Central analyses need central data
Value added from big data is often achieved for a business only when most or even all sources of enterprise data are integrated. Initially it is not the amount of data that is significant, but rather the informational content of the data in relation to concrete requirements.
At the beginning, a clear use case and business case must be written in order to define what the company expects to achieve through big data integration. Of course, data quality plays a key role when integrating many different sources of data. Thus data cleansing and data stewardship must be integral elements of the big data project from the very start.

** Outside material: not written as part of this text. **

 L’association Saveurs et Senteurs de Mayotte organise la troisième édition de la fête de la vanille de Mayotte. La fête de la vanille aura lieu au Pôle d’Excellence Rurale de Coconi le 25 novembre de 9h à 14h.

Experience shows that big data technologies already deliver value added with smaller volumes of data – it doesn’t have to be in the terabyte range. Thanks to the special features of this technology, it is suitable for analyzing smaller data volumes at first, with plenty of headroom to cope with larger volumes in the future as data streams continue to grow.
The wrong question
Data science involves a complex mix of industry know-how, mathematics, statistics and programming skills. These aspects form the basis for the requirements of a big data solution if it is to deliver the results that a business enterprise expects. This is also the reason why the profession of the data scientist has come into being through the proliferation of big data technology. When selecting a qualified candidate for the position of data scientist, for a project or for employment in a business enterprise, it is essential that the candidate has both mathematical and technical background know-how related to big data. Another essential qualification is industry know-how. Specific industry knowledge is absolutely essential when developing a big data use case that matches the business model of an enterprise, and only then can value added be ensured because big data is fundamentally a universal technology that is adapted to specific individual business requirements.

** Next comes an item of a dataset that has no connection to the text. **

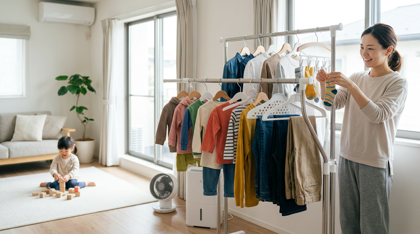 洗濯物干しハンガー一つで、乾燥が早まり、部屋がスッキリするだけでなく、私の家事に対するストレスも大きく軽減されました。洗濯物の量が多い、なかなか乾かない、部屋が散らかる……そんな悩みを抱えているのは、私だけではないはずです。特に子育て世代にとって、時間は本当に貴重なもの。少しでも家事を効率化し、自分の時間や家族との時間に使いたいと願っています。

At the same time, big data can only succeed if various experts within an enterprise collaborate effectively – management, specialist departments, sales, IT and data scientists, who often work in the specialist departments but in some companies are part of IT, since they are responsible for the data modeling required for the big data solution. Big data is still a “young” technology. Data scientists and other big data experts are not always readily available today because big data is still a new technology. Enterprises must be aware of this during project planning and when selecting partners.

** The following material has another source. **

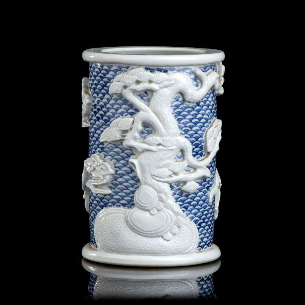 Lotto 194 | PORTAPENNELLI IN PORCELLANA 'BIANCO E BLU' XX secolo 15 x 10

Good change management is even more important for big data projects than for other IT projects. In fact, change management is frequently the key to success. This does not mean that technical issues have to arise in the project, or that the concept needs to be adapted constantly. But as soon as the first analyses from the big data system are available, new ideas arise quickly as to what can still be analyzed or which data should be integrated. This is where professional change management and release management are required to respond to such developments and cope with the complexity of realizing big data in an enterprise.
Risks can be mitigated by working with an experienced partner. Good change management, which evolves from technical or business aspects, can be provided by an experienced partner involved in the big data project.